Impulsé par une collectivité, le projet éducatif territorial (PET ou PEDT) organisera les activités périscolaires prolongeant le service public de l'éducation : il doit, selon le ministère, "permettre de structurer, de diffuser et de mieux articuler le temps scolaire organisé par l'Education nationale et le temps périéducatif". Le ministère le conçoit comme "un cadre fédérateur au niveau local" dont "le but est de mobiliser toutes les ressources du territoire, afin d'offrir à chaque enfant un parcours éducatif cohérent et de qualité". Le tout " en respectant le domaine de compétences de chacun".
Le PEDT associera donc à la collectivité territoriale les acteurs intervenant dans le domaine de l'éducation : les administrations de l'Etat concernées (dont éducation nationale, mais aussi sports, jeunesse, éducation populaire et vie associative, culture, famille, ville… sont citées), les associations, notamment d'éducation populaire, les institutions culturelles et sportives…
Le PEDT constitue alors, pour tous ces partenaires, l'engagement contractuel définissant le cadre de leur collaboration : le périmètre du territoire concerné, la durée de l'engagement, les objectifs, les priorités retenues, les effets attendus sur le territoire, ou encore la méthodologie (diagnostic, qualification des intervenants, évaluation).
Le pilotage partenarial devrait permettre d'assurer la complémentarité des dispositifs portés par les différents acteurs : contrats locaux d'accompagnement à la scolarité (Clas), contrats "enfance jeunesse" (CEJ), volet éducatif des contrats urbains de cohésion sociale (Cucs)…

"Garantir une continuité éducative"

Dans ce cadre, "le rôle de l'Education nationale est notamment de construire, d'orienter et d'évaluer les actions mises en place afin de rechercher la cohérence entre ces dispositifs et les projets d'école", souligne le ministère, qui souhaite que le PEDT veille à "garantir une continuité éducative entre les projets des écoles et des établissements et les activités proposées aux élèves en dehors du temps scolaire, et donc une meilleure articulation des différents temps de vie de l'enfant avant, pendant et après l'école".
Le PEDT aura enfin vocation à organiser le "parcours éducatif" de tous les jeunes scolarisés dans les écoles des communes (ou intercommunalités) concernées. Il précisera notamment les modalités de scolarisation avant trois ans envisagées sur le territoire et c'est lui qui permettra de proposer des aménagements locaux à l'organisation du temps scolaire (choix du mercredi ou du samedi, durée de la pause méridienne, horaires des temps périscolaires…)

L'expérience des CEL

Le PEDT s'appuie sur l'expérience des contrats éducatifs locaux (CEL) développés depuis une vingtaine d'années à différentes échelles : communale, intercommunale (urbaine et rurale), départementale.
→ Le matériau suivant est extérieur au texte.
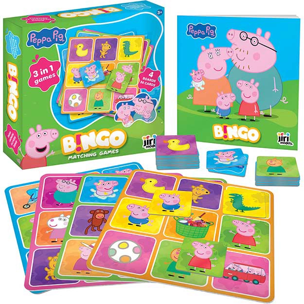 Erleben Sie Familienspaß mit den beliebten Figuren aus PEPPA WUTZ. Diese Kinderversion von Bingo ist so gestaltet, dass sie leicht verständlich, schnell und voller Entdeckerfreude ist. Dank der drei Spielweisen wird es Kindern nicht langweilig; sie trainieren Konzentration, Detailwahrnehmung und auch Spielstrategie.
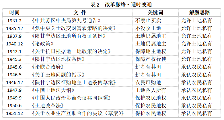 通过79份与农村土地产权改革有关的文件,可知中国共产党在研究与解决农村土地产权问题的过程中始终围绕着“权利归属”与“物尽其用”的命题进行思考与探索。从“农村土地的所有权应当归谁所有”到“农村土地的使用权应当归谁所有”,从“农村土地的占有与使用方式”到“农村土地的收益与处分方式”,中国共产党对农村土地产权改革问题的解答脉络分明。
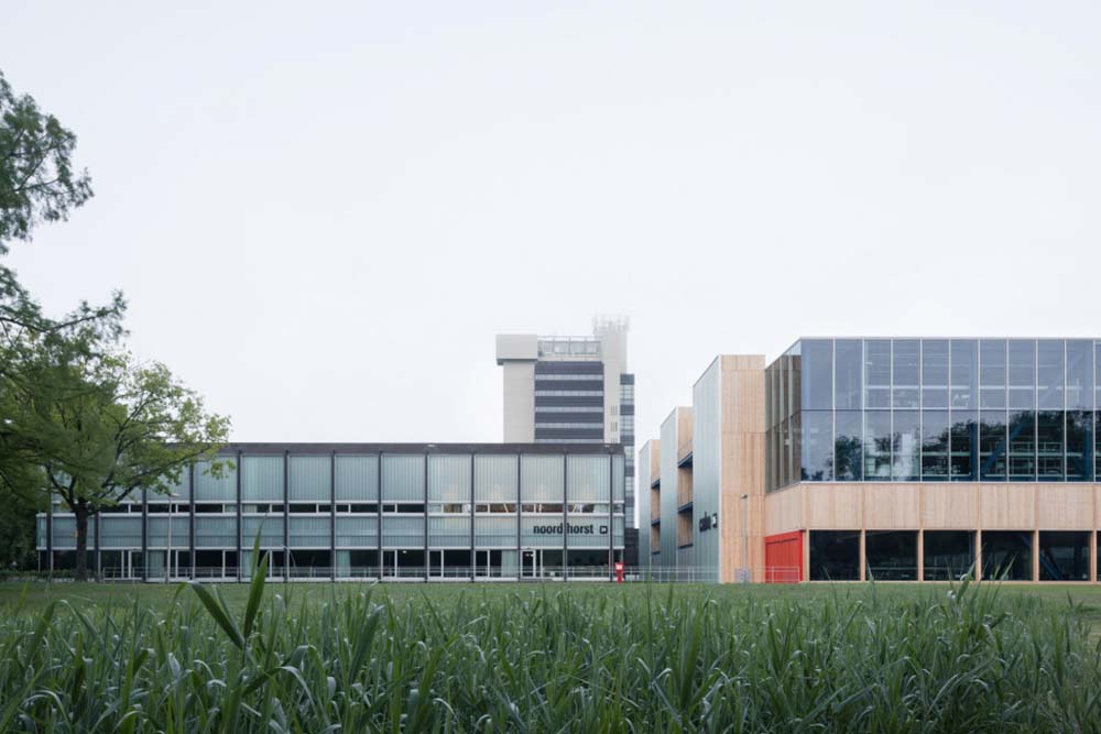 CUBE voegt zich in het modernistische Horstensemble uit de jaren zestig, maar reageert op actuele klimaat- en gebruikseisen. Het gebouw is opgezet als een compacte satelliet met een extra verdieping, zodat het oorspronkelijke ensemble leesbaar blijft. De gevels verschillen per oriëntatie: transparant aan de noordwestzijde voor daglicht en zicht, gesloten aan de zuid- en westzijde om opwarming te beperken.

Selon le ministère, les CEL ont concerné au total jusqu'à 11.000 communes et 2,6 millions d'enfants depuis la fin des années 90.
Pour choisir le périmètre d'action d'un PEDT, il faudra veiller à ce qu'il "corresponde à une problématique éducative territoriale bien identifiée" : le PEDT devra être "un cadre qui fédère des quartiers, des communes, des groupements de communes autour d'un projet éducatif".
Projet éducatif qui devra exprimer une "ambition éducatrice", c'est-à-dire reposer sur la définition de grandes priorités partagées. Cela supposera d'identifier les principales difficultés et forces du territoire, d'appréhender les caractéristiques du public scolaire à partir des échanges avec les responsables de l'éducation nationale et de dresser un inventaire de l'offre d'activités périscolaires dans les champs culturel, artistique et sportif.
Pour y parvenir, le ministère insiste la méthodologie. Comme pour toute démarche projet, il faudra suivre les étapes suivantes : élaboration d'un diagnostic local partagé, définition des priorités territoriales puis des objectifs, mise en œuvre et évaluation.